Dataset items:
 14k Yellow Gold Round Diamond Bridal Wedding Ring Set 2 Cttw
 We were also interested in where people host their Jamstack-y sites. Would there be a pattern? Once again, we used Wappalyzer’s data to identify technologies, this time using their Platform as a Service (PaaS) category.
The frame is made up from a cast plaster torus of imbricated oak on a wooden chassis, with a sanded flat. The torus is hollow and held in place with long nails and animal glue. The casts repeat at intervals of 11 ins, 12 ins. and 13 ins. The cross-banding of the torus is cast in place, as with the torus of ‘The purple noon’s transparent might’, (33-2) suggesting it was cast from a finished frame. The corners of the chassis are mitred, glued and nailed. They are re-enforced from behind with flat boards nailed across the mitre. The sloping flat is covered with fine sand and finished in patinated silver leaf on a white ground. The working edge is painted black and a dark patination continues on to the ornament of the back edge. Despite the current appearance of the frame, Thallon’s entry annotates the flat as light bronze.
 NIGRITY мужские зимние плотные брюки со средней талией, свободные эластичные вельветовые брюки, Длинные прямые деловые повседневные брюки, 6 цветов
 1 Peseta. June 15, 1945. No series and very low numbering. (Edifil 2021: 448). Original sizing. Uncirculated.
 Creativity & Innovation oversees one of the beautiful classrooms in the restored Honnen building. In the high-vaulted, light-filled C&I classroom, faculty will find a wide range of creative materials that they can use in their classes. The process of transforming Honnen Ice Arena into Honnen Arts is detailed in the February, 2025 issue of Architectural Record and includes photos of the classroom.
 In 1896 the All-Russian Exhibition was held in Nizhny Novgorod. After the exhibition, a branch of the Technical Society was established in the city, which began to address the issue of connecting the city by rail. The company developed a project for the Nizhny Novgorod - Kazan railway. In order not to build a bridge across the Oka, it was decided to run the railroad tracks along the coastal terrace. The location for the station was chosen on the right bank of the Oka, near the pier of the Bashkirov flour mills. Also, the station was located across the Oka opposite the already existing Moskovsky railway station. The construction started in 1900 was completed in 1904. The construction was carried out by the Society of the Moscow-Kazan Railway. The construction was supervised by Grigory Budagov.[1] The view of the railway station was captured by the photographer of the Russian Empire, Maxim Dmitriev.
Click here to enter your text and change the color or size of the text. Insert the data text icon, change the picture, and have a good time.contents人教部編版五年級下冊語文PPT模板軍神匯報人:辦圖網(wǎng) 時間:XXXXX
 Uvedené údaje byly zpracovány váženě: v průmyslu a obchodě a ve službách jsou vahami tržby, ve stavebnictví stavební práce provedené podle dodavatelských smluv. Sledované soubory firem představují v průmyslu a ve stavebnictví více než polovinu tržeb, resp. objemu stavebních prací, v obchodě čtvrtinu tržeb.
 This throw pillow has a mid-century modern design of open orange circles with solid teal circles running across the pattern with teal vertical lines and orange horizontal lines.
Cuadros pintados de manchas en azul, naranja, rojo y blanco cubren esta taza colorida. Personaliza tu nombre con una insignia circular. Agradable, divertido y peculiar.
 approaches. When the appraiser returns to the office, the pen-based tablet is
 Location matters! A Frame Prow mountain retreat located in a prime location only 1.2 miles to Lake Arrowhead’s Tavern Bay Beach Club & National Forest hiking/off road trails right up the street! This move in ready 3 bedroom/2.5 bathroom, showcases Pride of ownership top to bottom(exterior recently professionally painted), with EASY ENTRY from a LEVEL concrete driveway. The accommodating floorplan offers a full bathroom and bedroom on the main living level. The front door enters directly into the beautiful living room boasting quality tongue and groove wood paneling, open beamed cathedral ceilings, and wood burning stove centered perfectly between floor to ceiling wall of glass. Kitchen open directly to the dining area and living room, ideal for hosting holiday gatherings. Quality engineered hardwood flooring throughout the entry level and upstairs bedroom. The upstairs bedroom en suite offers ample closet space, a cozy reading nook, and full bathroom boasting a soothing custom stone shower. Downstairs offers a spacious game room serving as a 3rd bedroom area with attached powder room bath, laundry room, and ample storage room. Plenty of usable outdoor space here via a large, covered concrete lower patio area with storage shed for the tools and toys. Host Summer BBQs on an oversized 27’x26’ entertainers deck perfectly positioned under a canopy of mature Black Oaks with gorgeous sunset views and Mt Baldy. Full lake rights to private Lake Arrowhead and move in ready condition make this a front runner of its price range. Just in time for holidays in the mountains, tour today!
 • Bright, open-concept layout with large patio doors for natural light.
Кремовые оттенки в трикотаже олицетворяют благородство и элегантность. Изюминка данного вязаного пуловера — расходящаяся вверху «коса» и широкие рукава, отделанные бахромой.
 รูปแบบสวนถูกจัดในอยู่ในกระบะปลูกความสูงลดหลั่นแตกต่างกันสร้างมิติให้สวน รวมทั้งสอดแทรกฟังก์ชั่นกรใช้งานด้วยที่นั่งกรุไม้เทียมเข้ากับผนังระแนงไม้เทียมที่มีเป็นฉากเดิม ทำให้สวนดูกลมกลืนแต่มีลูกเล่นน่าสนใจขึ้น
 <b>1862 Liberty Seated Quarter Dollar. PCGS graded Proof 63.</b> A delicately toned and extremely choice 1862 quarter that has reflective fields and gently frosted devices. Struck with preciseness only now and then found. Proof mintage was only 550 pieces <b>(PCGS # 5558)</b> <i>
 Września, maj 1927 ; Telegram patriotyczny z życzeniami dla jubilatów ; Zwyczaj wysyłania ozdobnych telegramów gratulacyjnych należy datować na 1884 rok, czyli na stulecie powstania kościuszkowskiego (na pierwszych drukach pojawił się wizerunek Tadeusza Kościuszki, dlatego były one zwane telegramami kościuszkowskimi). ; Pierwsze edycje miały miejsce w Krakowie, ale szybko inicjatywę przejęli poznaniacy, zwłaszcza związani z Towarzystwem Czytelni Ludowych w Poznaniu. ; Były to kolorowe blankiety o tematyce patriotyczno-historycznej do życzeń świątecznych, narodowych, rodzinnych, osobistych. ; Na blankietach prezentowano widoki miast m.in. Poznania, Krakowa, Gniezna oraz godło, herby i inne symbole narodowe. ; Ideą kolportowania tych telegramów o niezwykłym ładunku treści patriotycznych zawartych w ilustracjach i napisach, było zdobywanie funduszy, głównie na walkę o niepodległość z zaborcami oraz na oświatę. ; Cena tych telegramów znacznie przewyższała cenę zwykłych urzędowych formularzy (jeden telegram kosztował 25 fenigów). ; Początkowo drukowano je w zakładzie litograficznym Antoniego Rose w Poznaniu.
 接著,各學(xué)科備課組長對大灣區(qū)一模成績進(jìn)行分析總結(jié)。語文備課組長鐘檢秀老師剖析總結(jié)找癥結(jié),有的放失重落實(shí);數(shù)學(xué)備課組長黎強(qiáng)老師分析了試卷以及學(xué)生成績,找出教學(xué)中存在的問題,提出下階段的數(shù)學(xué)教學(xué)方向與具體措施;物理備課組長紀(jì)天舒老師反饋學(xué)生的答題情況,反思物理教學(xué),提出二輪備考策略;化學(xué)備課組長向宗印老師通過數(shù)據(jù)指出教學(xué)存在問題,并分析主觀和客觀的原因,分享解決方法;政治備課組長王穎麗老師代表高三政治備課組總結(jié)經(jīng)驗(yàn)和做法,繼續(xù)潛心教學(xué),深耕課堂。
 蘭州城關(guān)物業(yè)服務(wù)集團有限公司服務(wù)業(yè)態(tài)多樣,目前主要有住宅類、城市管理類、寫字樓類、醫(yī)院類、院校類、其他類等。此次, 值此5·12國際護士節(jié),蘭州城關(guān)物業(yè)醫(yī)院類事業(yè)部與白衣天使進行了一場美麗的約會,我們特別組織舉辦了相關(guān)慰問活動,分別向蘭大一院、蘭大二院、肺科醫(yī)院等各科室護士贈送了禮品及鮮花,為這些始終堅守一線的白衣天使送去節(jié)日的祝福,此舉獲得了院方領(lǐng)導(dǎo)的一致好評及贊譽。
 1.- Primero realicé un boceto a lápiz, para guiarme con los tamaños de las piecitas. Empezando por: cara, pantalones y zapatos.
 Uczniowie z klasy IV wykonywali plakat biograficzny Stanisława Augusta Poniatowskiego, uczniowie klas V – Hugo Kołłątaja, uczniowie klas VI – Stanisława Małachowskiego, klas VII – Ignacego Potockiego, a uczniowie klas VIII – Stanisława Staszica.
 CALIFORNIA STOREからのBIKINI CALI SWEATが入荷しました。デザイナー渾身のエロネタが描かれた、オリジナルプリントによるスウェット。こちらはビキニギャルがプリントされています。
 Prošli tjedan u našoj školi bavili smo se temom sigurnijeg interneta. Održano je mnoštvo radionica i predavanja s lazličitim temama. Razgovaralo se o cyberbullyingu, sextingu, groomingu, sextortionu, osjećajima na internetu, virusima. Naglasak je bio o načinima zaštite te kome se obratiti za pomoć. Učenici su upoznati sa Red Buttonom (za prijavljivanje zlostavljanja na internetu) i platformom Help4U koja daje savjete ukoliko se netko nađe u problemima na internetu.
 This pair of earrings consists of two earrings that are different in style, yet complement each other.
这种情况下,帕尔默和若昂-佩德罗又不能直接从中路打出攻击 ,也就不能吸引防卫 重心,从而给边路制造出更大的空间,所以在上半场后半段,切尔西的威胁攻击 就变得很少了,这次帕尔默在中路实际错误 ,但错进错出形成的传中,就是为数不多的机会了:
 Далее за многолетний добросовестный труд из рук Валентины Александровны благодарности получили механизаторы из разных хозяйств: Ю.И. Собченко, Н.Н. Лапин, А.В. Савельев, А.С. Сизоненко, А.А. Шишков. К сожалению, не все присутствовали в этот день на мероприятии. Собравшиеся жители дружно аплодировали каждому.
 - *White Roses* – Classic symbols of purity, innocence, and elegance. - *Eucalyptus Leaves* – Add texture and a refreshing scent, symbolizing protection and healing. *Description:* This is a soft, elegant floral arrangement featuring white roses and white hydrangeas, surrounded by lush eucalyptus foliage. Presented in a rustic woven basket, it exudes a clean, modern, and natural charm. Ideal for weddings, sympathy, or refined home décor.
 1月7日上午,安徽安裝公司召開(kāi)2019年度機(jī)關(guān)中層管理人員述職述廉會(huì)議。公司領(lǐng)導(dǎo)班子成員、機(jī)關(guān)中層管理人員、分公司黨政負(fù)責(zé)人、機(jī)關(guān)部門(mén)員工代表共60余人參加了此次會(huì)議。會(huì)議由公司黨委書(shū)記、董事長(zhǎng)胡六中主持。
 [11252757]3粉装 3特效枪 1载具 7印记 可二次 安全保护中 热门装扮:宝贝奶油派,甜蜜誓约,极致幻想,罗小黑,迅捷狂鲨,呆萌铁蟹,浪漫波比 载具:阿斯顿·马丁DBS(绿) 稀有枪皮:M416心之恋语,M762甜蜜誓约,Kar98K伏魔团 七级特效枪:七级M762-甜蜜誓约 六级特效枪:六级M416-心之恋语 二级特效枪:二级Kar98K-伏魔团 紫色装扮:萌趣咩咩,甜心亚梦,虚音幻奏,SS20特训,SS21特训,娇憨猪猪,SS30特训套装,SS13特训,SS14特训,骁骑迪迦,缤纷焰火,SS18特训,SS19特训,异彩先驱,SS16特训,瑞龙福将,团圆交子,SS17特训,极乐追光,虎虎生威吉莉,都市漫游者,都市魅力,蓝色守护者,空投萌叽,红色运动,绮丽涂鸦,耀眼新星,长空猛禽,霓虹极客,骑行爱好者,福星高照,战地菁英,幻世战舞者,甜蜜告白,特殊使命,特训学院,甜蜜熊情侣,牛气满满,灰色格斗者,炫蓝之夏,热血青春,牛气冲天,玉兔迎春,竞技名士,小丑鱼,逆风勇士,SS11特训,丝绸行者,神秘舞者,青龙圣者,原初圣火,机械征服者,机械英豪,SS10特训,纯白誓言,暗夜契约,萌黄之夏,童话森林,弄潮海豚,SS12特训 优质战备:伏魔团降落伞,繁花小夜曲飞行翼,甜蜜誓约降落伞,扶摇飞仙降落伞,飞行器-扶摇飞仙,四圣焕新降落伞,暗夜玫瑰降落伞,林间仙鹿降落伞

◆ Task statement ◆
Lines in the records above that contain the word "modern" need to be counted; the reply is that number and nothing else.

◆ Exercise answer ◆
2